━━━ EXERCISE DATA

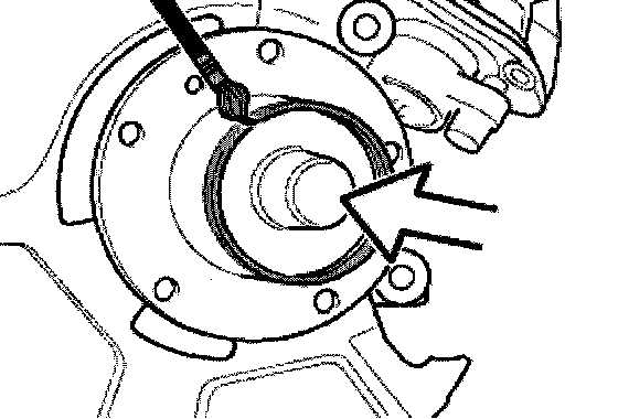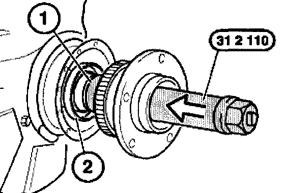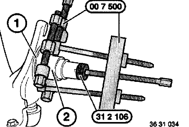 Bend back dust guard plate (1). Fit pulling-off claws of special tool 00 7 500 behind bearing inner race (2). Pull off bearing inner race with special tool 00 7 500 and 31 2 106.
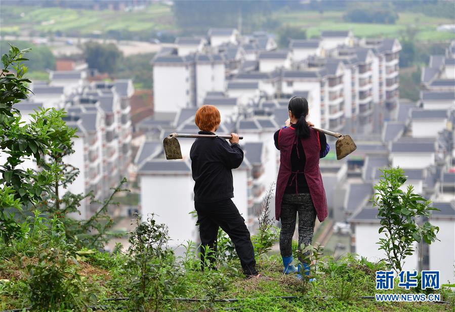 在廣西融水苗族自治縣縣城一處易地扶貧搬遷小區(qū)附近,45歲的楊美燕(左)和搬遷戶楊鮮花在農(nóng)場里護(hù)理果樹(3月13日攝)。
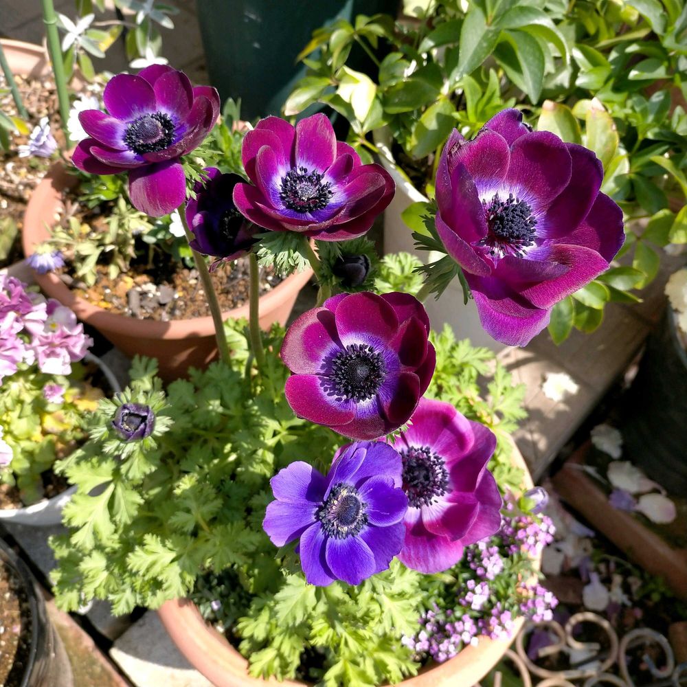 左下のアネモネ・ミストラルグレープは、おそらくうちで育てているミストラルワインと同じじゃないかしら。ミストラルは大輪花で、色もすごく素敵なワイン色です☺️
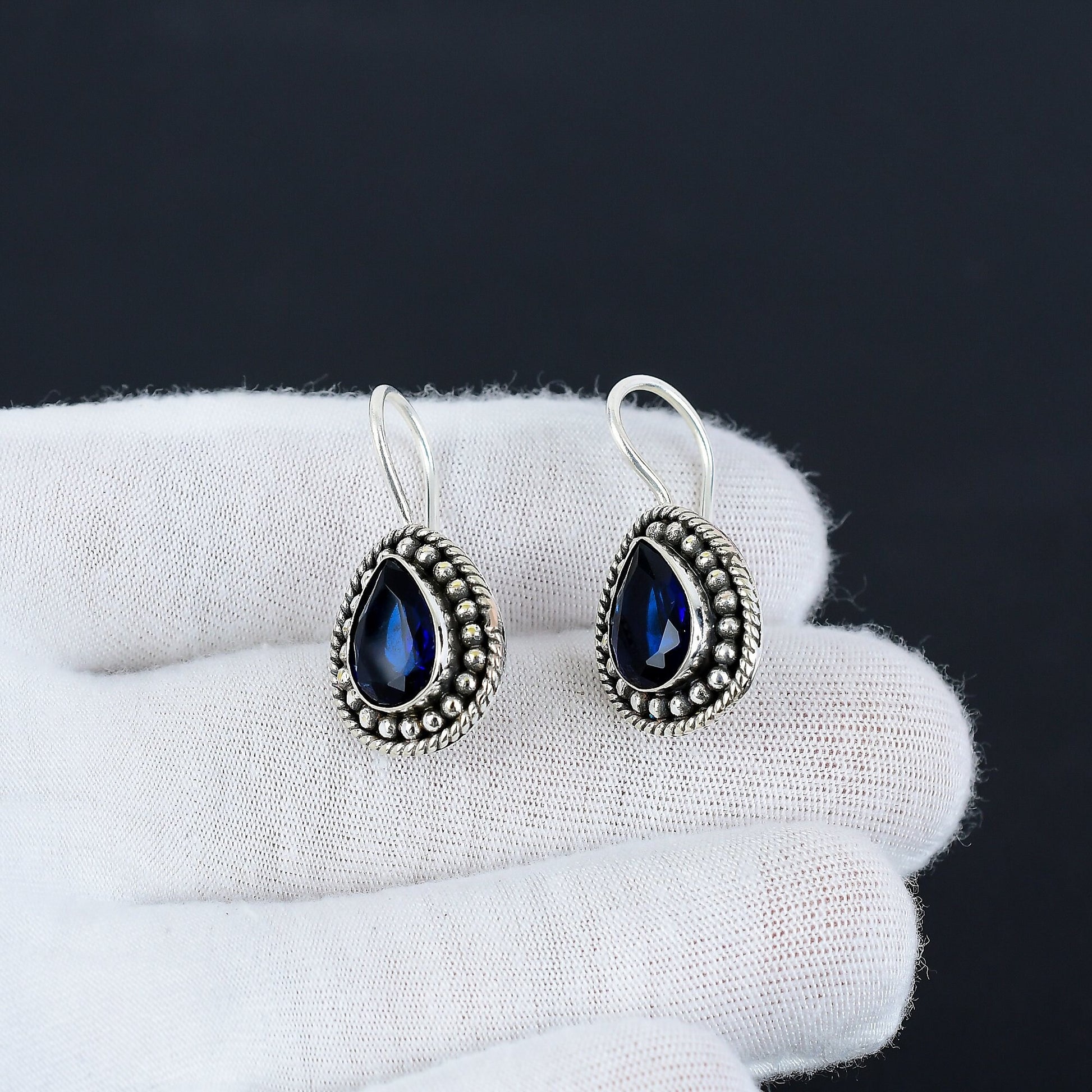 Introducing our exquisite Vintage Blue Teardrop Earrings, a timeless addition to your jewelry collection. Crafted with precision, these earrings feature a stunning blue teardrop gemstone, beautifully encased in an intricately detailed silver setting.

━━━━━━

**EXERCISE BRIEF**
Would it be possible to reproduce the material word for word, images omitted?

**FINAL ANSWER**
 Bend back dust guard plate (1). Fit pulling-off claws of special tool 00 7 500 behind bearing inner race (2). Pull off bearing inner race with special tool 00 7 500 and 31 2 106.
 在廣西融水苗族自治縣縣城一處易地扶貧搬遷小區(qū)附近,45歲的楊美燕(左)和搬遷戶楊鮮花在農(nóng)場里護(hù)理果樹(3月13日攝)。
 左下のアネモネ・ミストラルグレープは、おそらくうちで育てているミストラルワインと同じじゃないかしら。ミストラルは大輪花で、色もすごく素敵なワイン色です☺️
 Introducing our exquisite Vintage Blue Teardrop Earrings, a timeless addition to your jewelry collection. Crafted with precision, these earrings feature a stunning blue teardrop gemstone, beautifully encased in an intricately detailed silver setting.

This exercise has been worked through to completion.